An overly simple way to think about resonant frequency is that it is the frequency at which a speaker naturally moves easiest. A speaker typically becomes increasingly unable to produce frequencies the further below they are from its resonant frequency. For instance, many midrange/voice speakers have too high of a resonant frequency to allow them to reproduce bass.
For reference, here are some rough guidelines for the resonant frequency ranges to expect for various types of speakers:
- Subwoofer: 20–47 Hz
- Woofer: 20–85 Hz
- Full range: 45–700 Hz
- Midrange: 50–530 Hz
- Guitar speaker: 77–155 Hz
- Voice speaker: 200–800 Hz
Material Selection and Resonant Frequency
Everything that goes into a speaker will impact its resonant frequency in some way. Therefore, selecting a speaker with the correct resonant frequency is essential, so your speaker can perform well in its intended application. This should be considered early in the design process.
A speaker manufacturer may ask you, “What kinds of sounds does your speaker need to handle?” With this question, one thing they’re trying to get at is what resonant frequency you will need in your speaker. The goal for resonant frequency will influence many design factors.
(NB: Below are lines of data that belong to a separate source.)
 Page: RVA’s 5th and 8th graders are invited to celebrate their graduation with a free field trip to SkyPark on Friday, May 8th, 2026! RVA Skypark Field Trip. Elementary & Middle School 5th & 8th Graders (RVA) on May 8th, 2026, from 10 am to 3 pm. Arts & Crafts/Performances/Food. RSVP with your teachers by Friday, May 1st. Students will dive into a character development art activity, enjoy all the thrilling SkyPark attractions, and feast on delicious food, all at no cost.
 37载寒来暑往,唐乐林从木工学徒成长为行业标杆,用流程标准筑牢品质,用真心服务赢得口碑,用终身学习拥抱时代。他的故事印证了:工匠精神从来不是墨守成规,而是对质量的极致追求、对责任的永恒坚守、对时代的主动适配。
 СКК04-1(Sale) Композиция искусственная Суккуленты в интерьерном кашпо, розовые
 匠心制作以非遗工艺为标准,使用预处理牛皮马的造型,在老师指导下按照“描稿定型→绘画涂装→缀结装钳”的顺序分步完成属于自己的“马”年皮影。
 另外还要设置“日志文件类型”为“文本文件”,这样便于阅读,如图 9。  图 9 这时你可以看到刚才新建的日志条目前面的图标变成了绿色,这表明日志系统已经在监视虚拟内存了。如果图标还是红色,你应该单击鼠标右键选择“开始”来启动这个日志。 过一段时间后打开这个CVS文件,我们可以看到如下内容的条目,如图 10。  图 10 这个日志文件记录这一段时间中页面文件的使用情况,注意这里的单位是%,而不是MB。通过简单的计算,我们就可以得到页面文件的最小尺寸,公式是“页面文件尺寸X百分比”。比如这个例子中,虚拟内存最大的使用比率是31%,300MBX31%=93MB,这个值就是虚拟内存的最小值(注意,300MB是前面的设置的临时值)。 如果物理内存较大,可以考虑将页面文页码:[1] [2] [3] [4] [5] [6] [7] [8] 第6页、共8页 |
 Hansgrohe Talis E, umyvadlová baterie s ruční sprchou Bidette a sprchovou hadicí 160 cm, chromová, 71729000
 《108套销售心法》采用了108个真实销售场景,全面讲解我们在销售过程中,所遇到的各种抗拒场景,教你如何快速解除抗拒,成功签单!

The material used for the cone, the weight of the suspension, and the speaker driver will all have an impact. In general, lighter and stiffer materials, as well as, suspensions produce speakers with higher resonant frequencies. This is why tweeters are smaller, are lighter, have more rigid cones, and have less flexible suspensions. The opposite is true for woofers: they’ve got more mass (heavier cones) and flexible suspensions (spiders and surrounds), generally, and are designed to travel further.
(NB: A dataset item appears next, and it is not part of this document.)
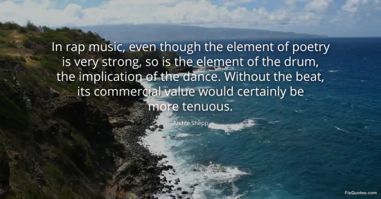 Shepp, Archie. "In rap music, even though the element of poetry is very strong, so is the element of the drum, the implication of the dance. Without the beat, its commercial value would certainly be more tenuous." FixQuotes. January 16, 2026. https://fixquotes.com/quotes/in-rap-music-even-though-the-element-of-poetry-is-137859/.
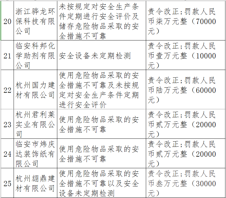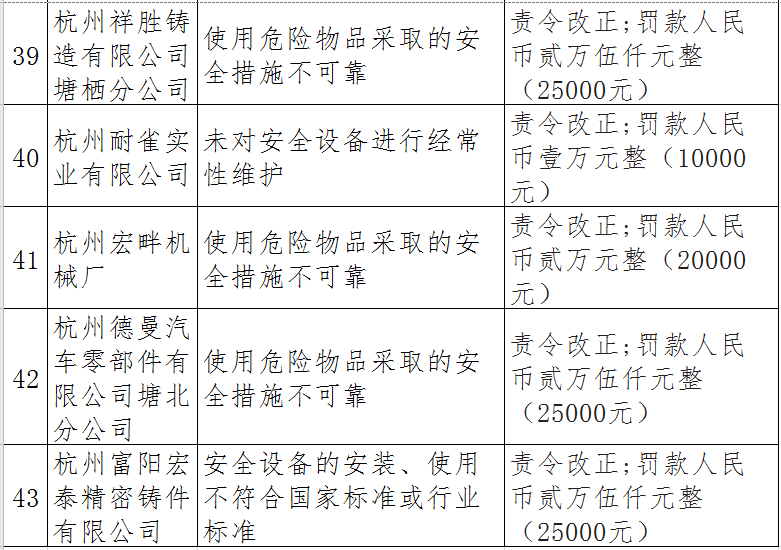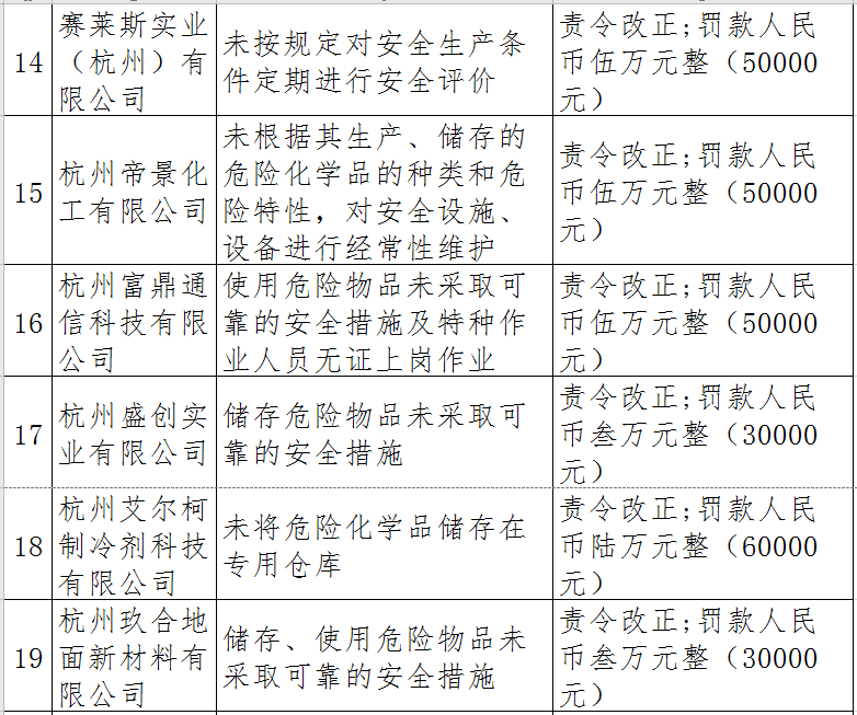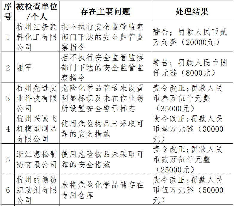 據(jù)了解,今年上半年,杭州市應(yīng)急管理局一手抓駐企復(fù)工復(fù)產(chǎn)、一手抓安全生產(chǎn),已完成年度執(zhí)法計劃、專項檢查、聯(lián)合執(zhí)法、信訪舉報核查等,并對檢查中發(fā)現(xiàn)的安全生產(chǎn)違法違規(guī)企業(yè)(個人)進(jìn)行了處罰?,F(xiàn)對52家被行政處罰的企業(yè)(個人)進(jìn)行曝光,希望各企業(yè)引以為戒!

Speaker Enclosures and Resonant Frequency
Resonant frequency is influenced by the speaker enclosure, so the enclosure must also be considered. A speaker manufacturer should ask you where and how a speaker will be housed when they’re planning your project. They should also be able to make recommendations if they will be creating the enclosure along with the driver. A good way to mess up audio design is to put a speaker into an enclosure that is too small, because it may “ring” when playing low frequencies due to a peak in output at resonant frequency.
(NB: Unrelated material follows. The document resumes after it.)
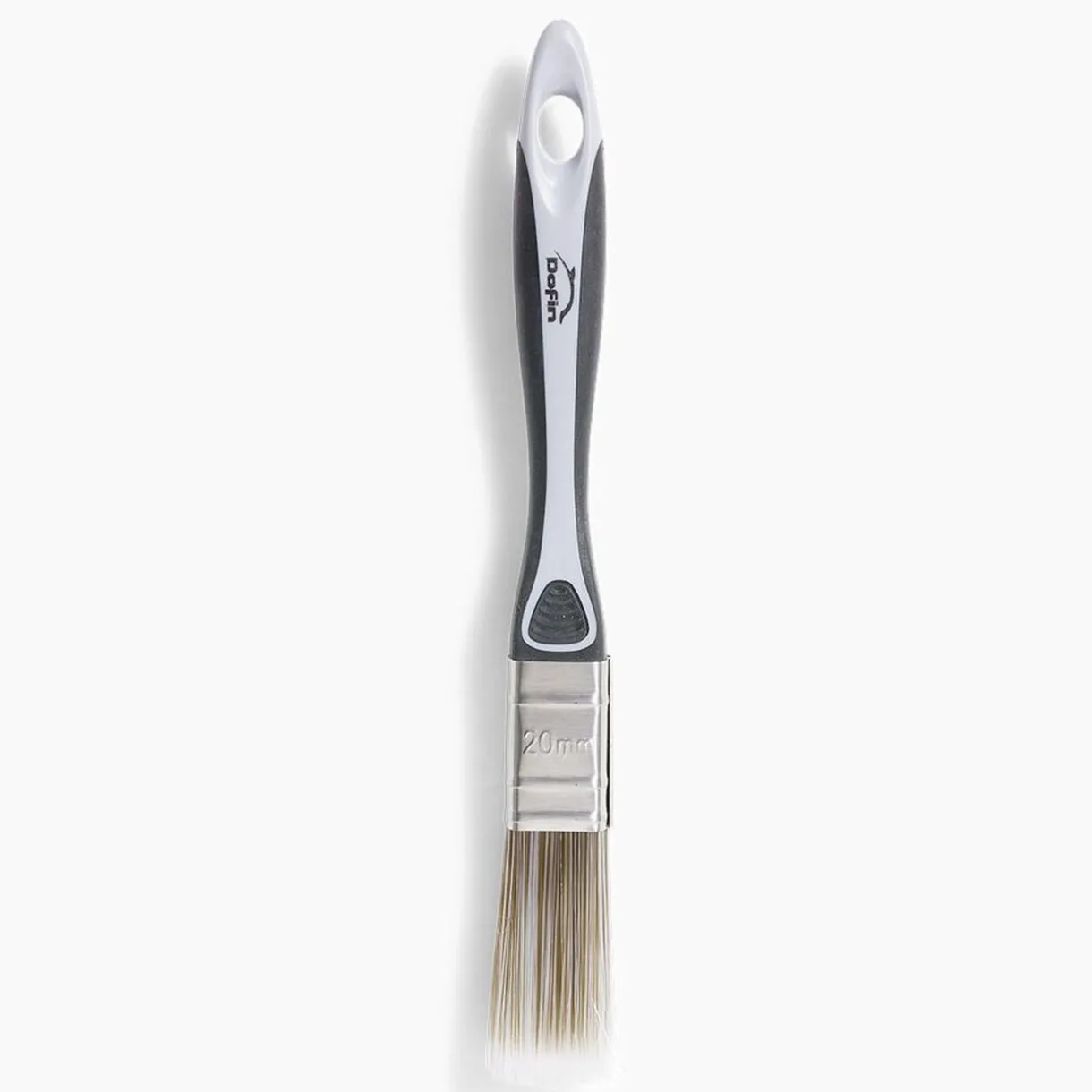 Pinceau plat en poils synthétiques de 20 mm de large avec manche bi-matière.
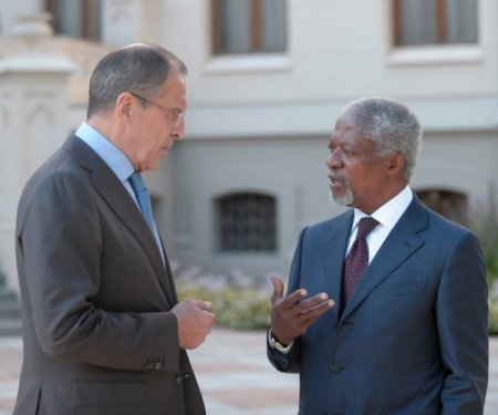Annan ilk olarak akşam saatlerinde Rusya Dışişleri Bakanı Sergey Lavrov’la bir araya geldi. Dışişleri Bakanlığı misafirhanesinde iki saat süren görüşme öncesi Annan’ın binaya girişi ve çıkışı görüntülenebildi. Akşam yemeği olarak gerçekleşen Annan-Lavrov görüşmesinde 21 Temmuz’da süresi dolacak BM gözlemcilerinin süresinin 90 gün daha uzatılması, dış askeri müdahaleye gidecek 7. madde ve benzeri herhangi bir adıma izin verilmemesi, Suriye muhalefeti ile temasın sürdürülmesi konularının ele alındığı kaydediliyor.

The size of the enclosure isn’t the only factor. The material it is made out of, and any dampening material that is added inside, will impact the resonant frequency too. Speaker engineers can also use ports or a passive radiator to help lower the resonant frequency of the speaker in an enclosure to help the speaker to play louder and lower.
Resonant Frequencies and Audio Systems
In a multi-speaker system the resonant frequencies of each speaker must be considered in order to create the best overall sound. This is where the concept of filters (or crossovers) comes into play. A crossover is the point where frequencies begin to roll from one speaker in a system to another (i.e., as the pitch of a signal goes up, a sound may move from a subwoofer to a full-range speaker).
A good way to get the best performance out of a sound system is by taking advantage of the digital signal processing (DSP) system that is built into many of today’s amps. With DSP, you can easily set crossovers and adjust their slopes to produce exactly the performance parameters you want. That way, you know your speakers are handling the frequencies they were designed for.